The 7 Creepiest Real-Life Robots
Scientists say they can now build near-perfect replications of a human being, and that they finally have the technology to bring the inanimate to life.
Scientists are liars. Here are seven robots that reached for "life-like," and came up with a big handful of your worst nightmares.
The Geminoid was built by Professor Hiroshi Ishiguro of Osaka University. He's used a mold of his own body for the overall shape of the robot, programmed his body language and voice into it, and even implanted his own hair into the android's skull.
Prof. Ishiguro, in summary, would very much like to be killed and replaced by a robot, stopping just short of sending out beautiful, handwritten invitations to the T-1000, requesting its presence at his upcoming All-Night Knife and Choking Party.
The professor often speaks through the robot, rather than personally attending company board meetings.
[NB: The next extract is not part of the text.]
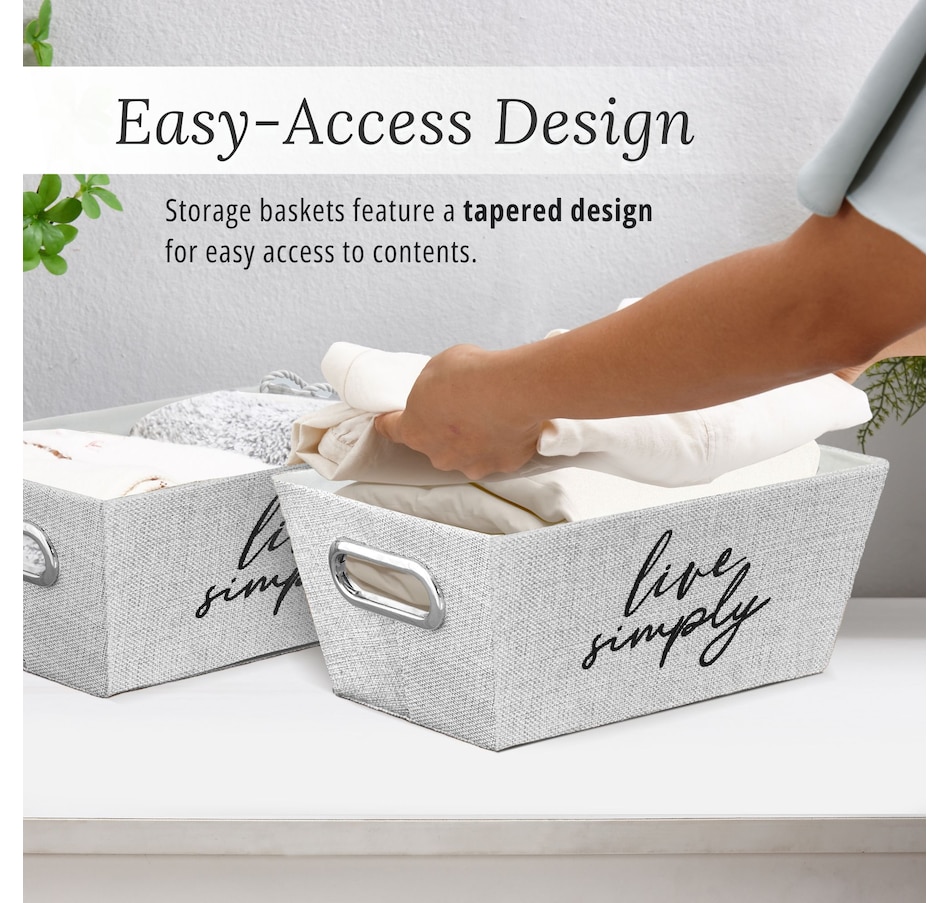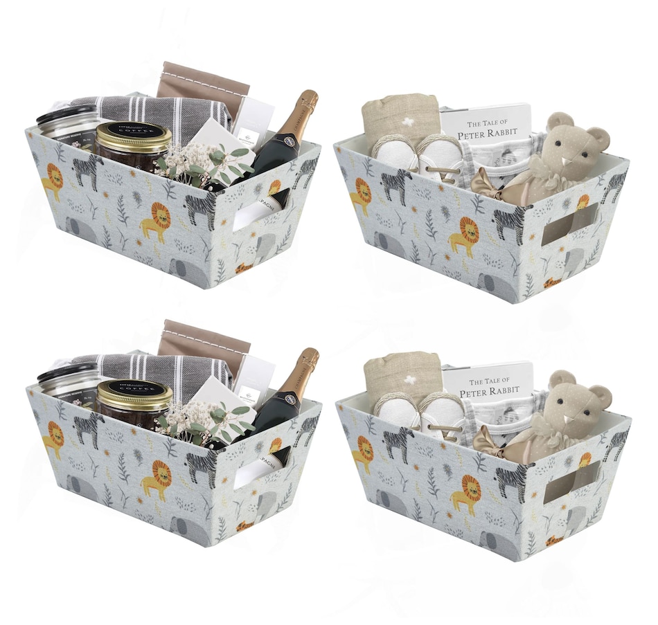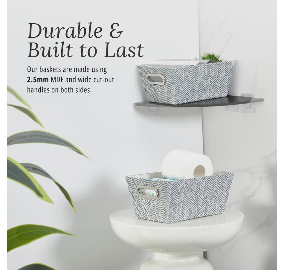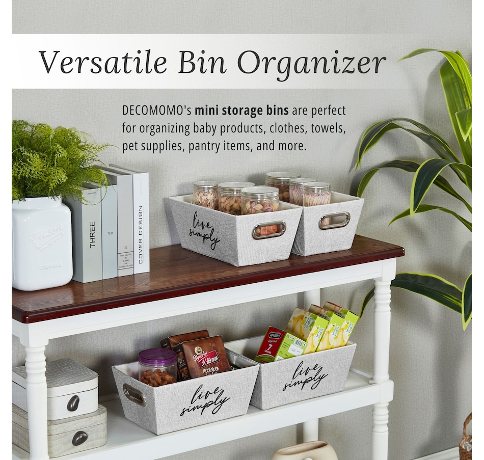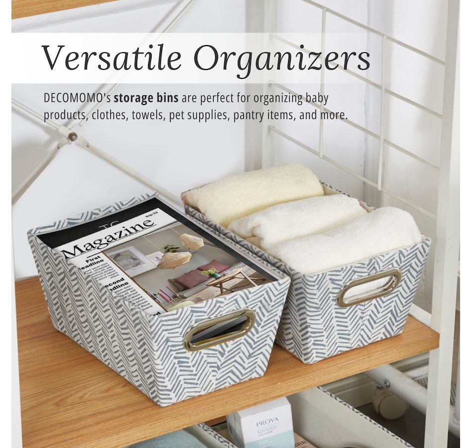 • Value Pack of 4: DECOMOMO storage baskets comes in a set of 4 each measuring 11” (L) x 7” (W) x 5” (H) (27.9cm(L) x 17.7cm(W) x 12.7cm(H)). These gift baskets are easy to clean, simply dust them away with dry cloth or spot clean with light soapy water.

So, perhaps this is a good time to stop bitching about your boss. At least he's not forcing you to pitch your latest project to a dead-eyed robot clone of himself.
Why It's So, So Creepy
On top of the simple implication that we can all be replaced by robots, the Geminoid is mostly creepy because it's not quite an exact replica of Ishiguro. It's more like Ishiguro built a slightly retarded younger brother for himself, giving it a permanent expression of intense confusion and frustration.
It's like the Geminoid is always trying to figure out just what the fuck it's doing here, much like you probably are right now. It also reacts a little too convincingly when they start repeatedly poking it directly in the face, hard. It seems to grow annoyed--almost enraged--but then they stop just short of provoking a killing spree, and it goes right back to puzzling out what the hell all that was about.
This suggests a level of reasoning and consciousness that is intensely disturbing. You probably don't want that robot figuring out that there are two things in this room that can pass for Professor Ishiguro, and only one of them doesn't have to sit in a folding chair getting poked in the face by research assistants for the next 20 years.
Simroid was designed by the Kokoro Company to assist dentists in training--hopefully just with dentistry, and not so much on how to get to third base with an anaesthetized patient. The Simroid has air-controlled muscles for a more fluid, natural movement, soft silicon skin for a more human texture, a limited vocabulary to express her current emotional state, and has been programmed to respond to basic commands. She also has highly sensitive receptors all throughout her mouth, so that she can react to pain in a convincing manner.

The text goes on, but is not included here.